God commands us to meditate on His Word. In the New King James Version Joshua 1:8 reads, “This Book of the Law shall not depart from your mouth, but you shall meditate in it day and night, that you may observe to do according to all that is written in it. For then you will make your way prosperous, and then you will have good success.” Who among us doesn’t want the children under our care to prosper and have good success? Of course, we all do. Yet God carefully lays out for us in this verse a road map to success and yet few of us make this the center of our teaching. We must articulate how we meditate if we would have our children learn the art of meditation.

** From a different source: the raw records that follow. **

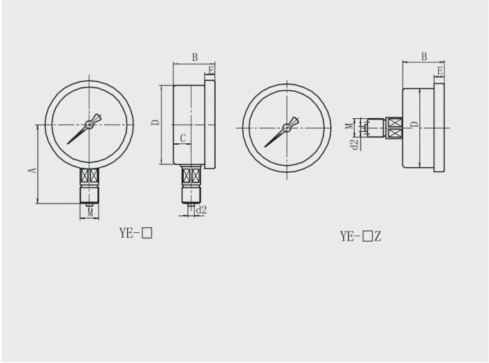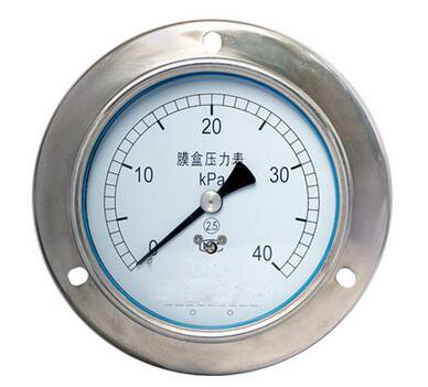 YE-100軸向帶邊膜盒壓力表又稱微壓表。適用于測量無爆炸危險、不結晶、不凝固,以及對銅和銅合金無腐蝕作用的液體、氣體或蒸汽的低微壓力。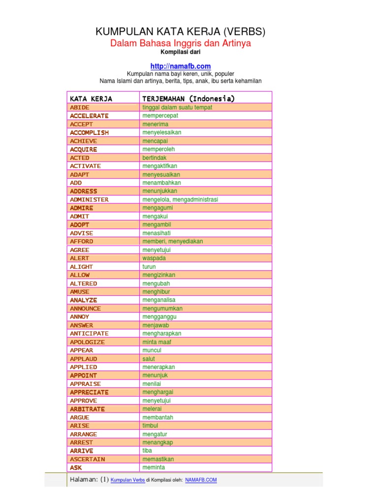 Kumpulan kata kerja bahasa inggris. Kata kerja tersebut berubah tergantung dari penggunaannya. Dalam belajar bahasa inggris memahami dan menghapal kosakata kata kerja sangat penting karena kata kata kerja. Kata kerja dalam bahasa inggris atau verb adalah salah satu elemen yang merupakan kegiatan tindakan atau perbuatan dari subjek. Oh ya untuk mengetahui arti suatu kata kerja gampang yaitu dengan mengeceknya di google translate atau kamus yang anda miliki.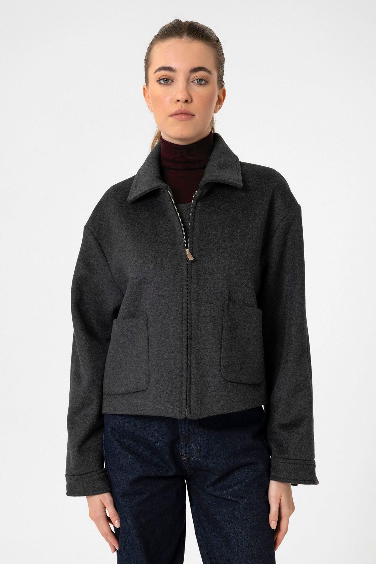 Antrasit Kadın Yün Karışımlı Kısa Ceket Antrasit Kadın Yün Karışımlı Kısa Ceket BA24Y404 L
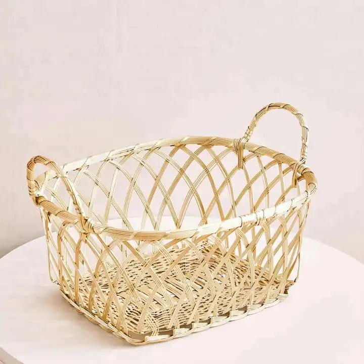 Panier à fruits rond géométrique moderne en fil de fer, organisateur de rangement en métal plaqué cuivre avec poignée pour la cuisine et la décoration de la maison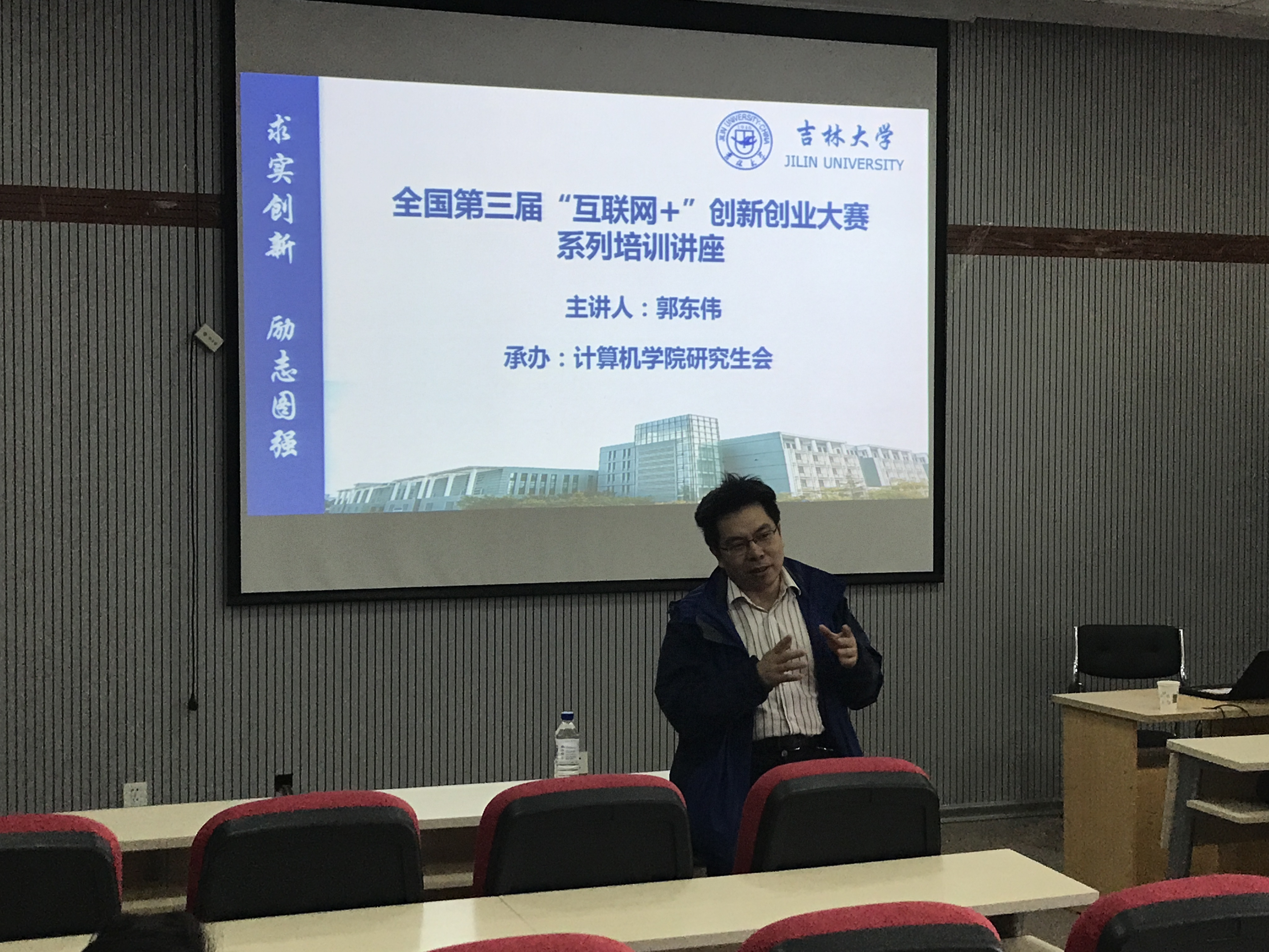 张金山教授讲解之后郭东伟老师又从本次“互联网+”比赛的角度进行了讲解。郭东伟老师是第一届互联网+吉大校赛的评委,资深教练,技术实力很强,经验丰富。他从往年比赛的角度为同学们介绍了很多经验,包括商业计划书的撰写注意事项,一分钟短视频拍摄内容等等。

For example, many parents and teachers teach their children to say the Lord’s prayer. It is beautiful to hear a family or a classroom of children recite the Lord’s prayer together. Yet how much more beneficial it would be to them all if instead of just reciting the prayer we would meditate and use this as a tool to teach us how to pray.
In meditating on the meanings of the words in this prayer, we get insight into how God would have us pray. As we think about, meditate on the meaning, and then follow through by teaching our children to meditate and think about the meanings of the words we instill in them a desire to read God’s Word in the same manner. It is not enough to just read the words. We need to wrestle with the meaning intended by the words we read.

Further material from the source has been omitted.